Epiphany and catharsis 

Cranberries reunite in time for current Zombie craze

It wasn't necessarily divine intervention, but the sudden reunion of the Celtically inclined Cranberries after nearly seven years apart did have lofty origins. It all started in early 2008, explains gale-forced frontwoman Dolores O'Riordan, when she was awarded an Honorary Patronage at Dublin's Trinity College Philosophical Society and invited to play a couple of songs at the ceremony. For backup, she phoned her old bandmates — guitarist Neil Hogan and his bassist brother Mike — and the impromptu gig proved enjoyable for all involved.

"So this summer I had my second solo record coming out [No Baggage], and my son had his confirmation," says the mother of four, who again invited the Hogans, plus original Cranberries drummer Fergal Lawler, to come celebrate.
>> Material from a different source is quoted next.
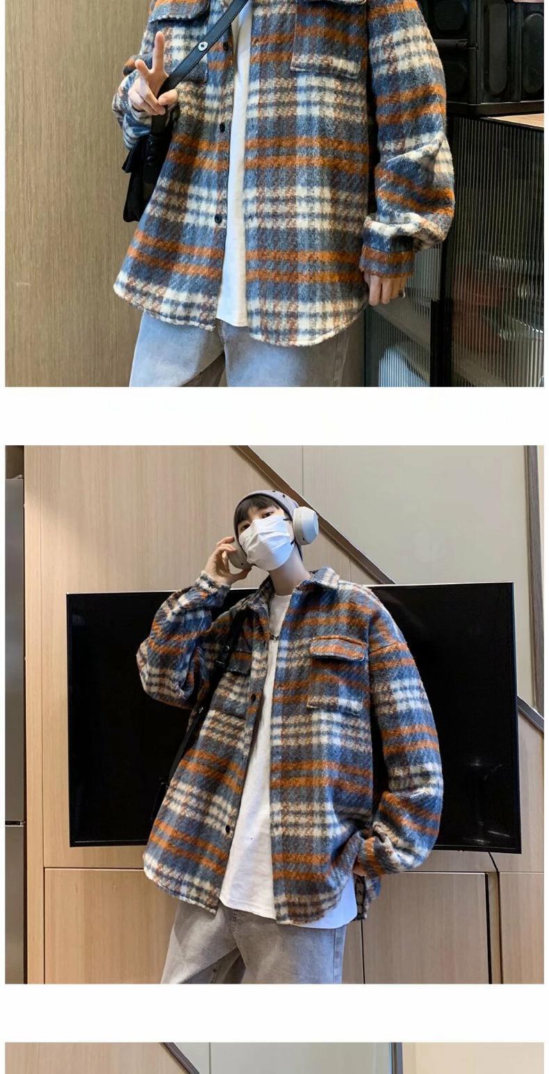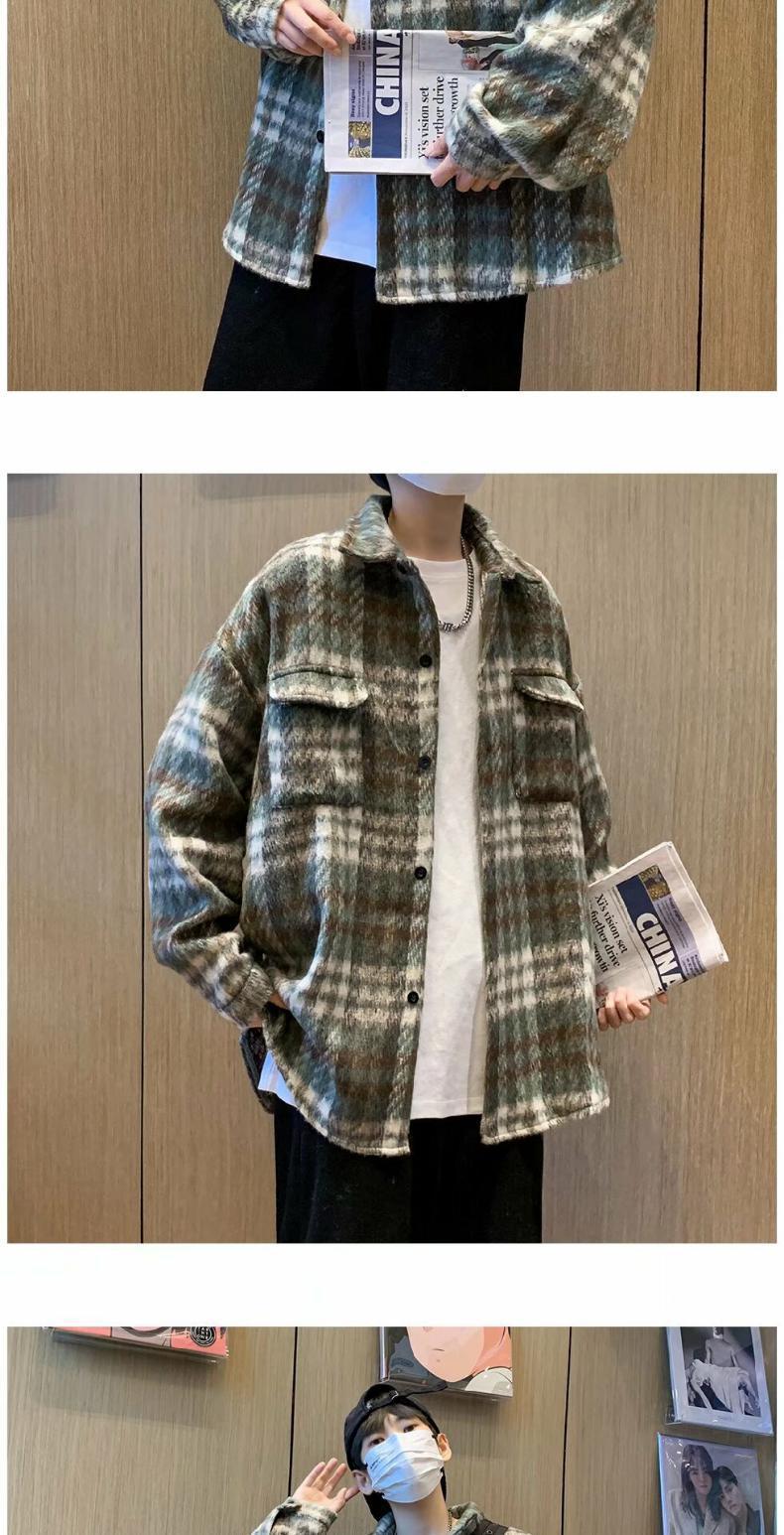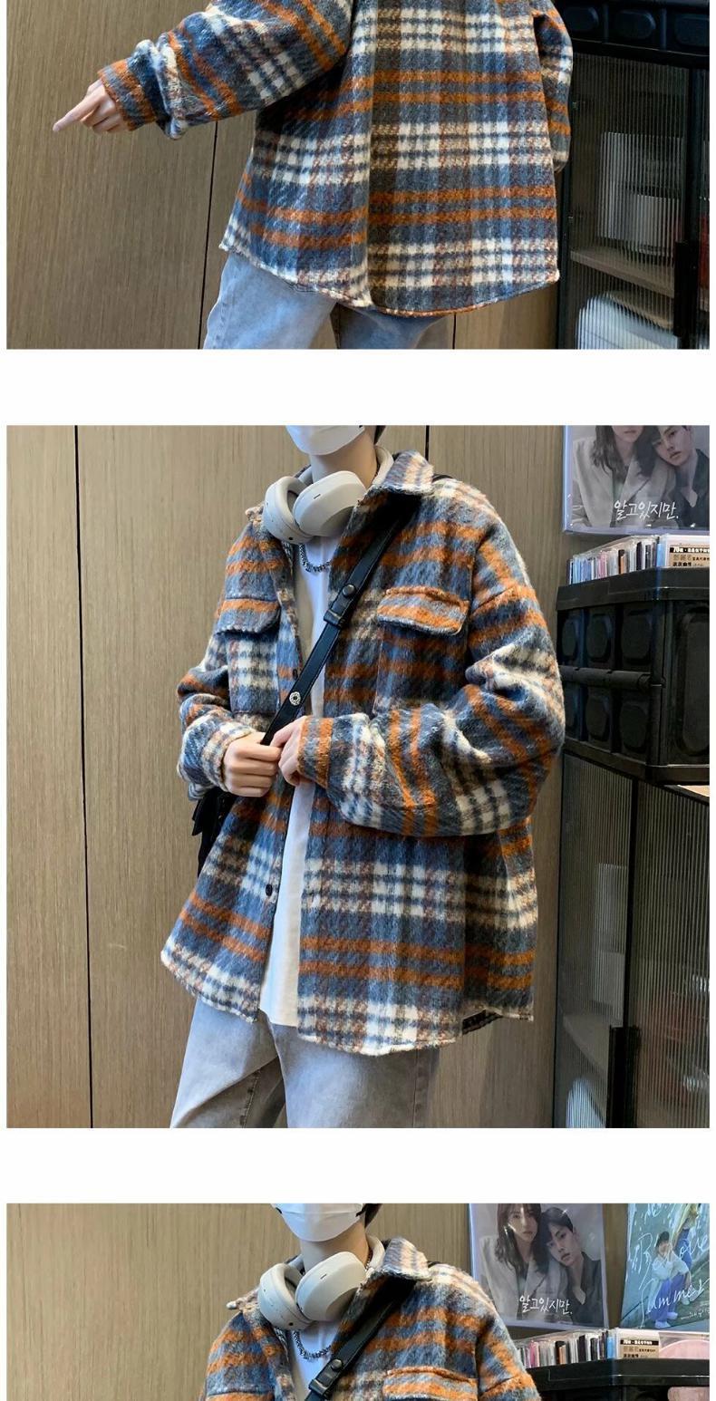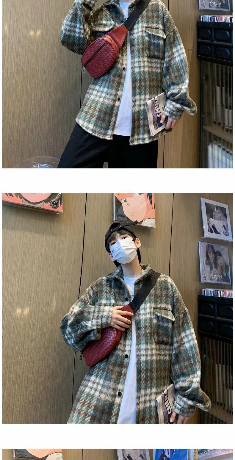 Abrigo de Lana a Cuadros para Hombre Otoño e Invierno Estilo Coreano Pequeña Fragancia Chaqueta de Lana Relajada Moderna Marca Guapo Chaqueta con Solapa

It proved a vital wake-up call.

"The guys came with their wives and their 11 kids, and it was strange seeing all these kids that I'd never met," recalls O'Riordan, who had just announced a solo No Baggage tour. "They were all small babies or hadn't been born yet the last time the band was together. A whole new generation had come up, and I was thinking 'My God — time's moving on! And we are not getting any younger!' So we all talked about it, had a few jars, and finally said 'Let's do it! Let's do a reunion!'"

And yes, Cran fans, the current comeback juggernaut will feature classic hits like "Linger," "Zombie" and "Ridiculous Thoughts," all delivered in O'Riordan's unmistakable blustery, brogue-inflected style. But will it all lead to a new sixth album from the group?

"It could happen," says the singer. "If the new material we come up with sounds good and different, we're gonna go for it. But if the chemistry's not there, it's not there. And I think we'll know ourselves whether or not it's gonna happen, so we're kinda winging it for now."

The live shows will also feature material from O'Riordan's new solo album, her most insightful to date. From the opening "Switch Off the Moment," which features the grim passage "Some mental anguish in my head / Wake me up, I am not dead," tracks like "Skeleton," "Lunatic" and "Tranquilizer" just keep getting darker. O'Riordan says the songs were all written over a year-and-a-half period of deep introspection at her secluded log cabin up in Ontario.

"As you get older, I think it's good to open up and acknowledge that everybody has had their scary moments, their negative experiences," reckons the composer, who also finds catharsis in oil painting. "And in order to move on and find comfort and hope, you actually have to learn to stop running from the darkness and face it. Because when you face it, it's really not that scary at all. And sometimes the darkness actually turns around and runs away."

The solitude of O'Riordan's wilderness retreat helped the songwriting process: "Bored is good — it's great to get bored and be stuck with yourself. You get to know yourself a lot better that way."

This zenlike attitude even extends to the Cranberries breakup. "I guess all bands get to that point where they run out of inspiration, and we'd lost that chemistry. The excitement went out of it. So taking a hiatus was a really good idea. It's made it all fresh again."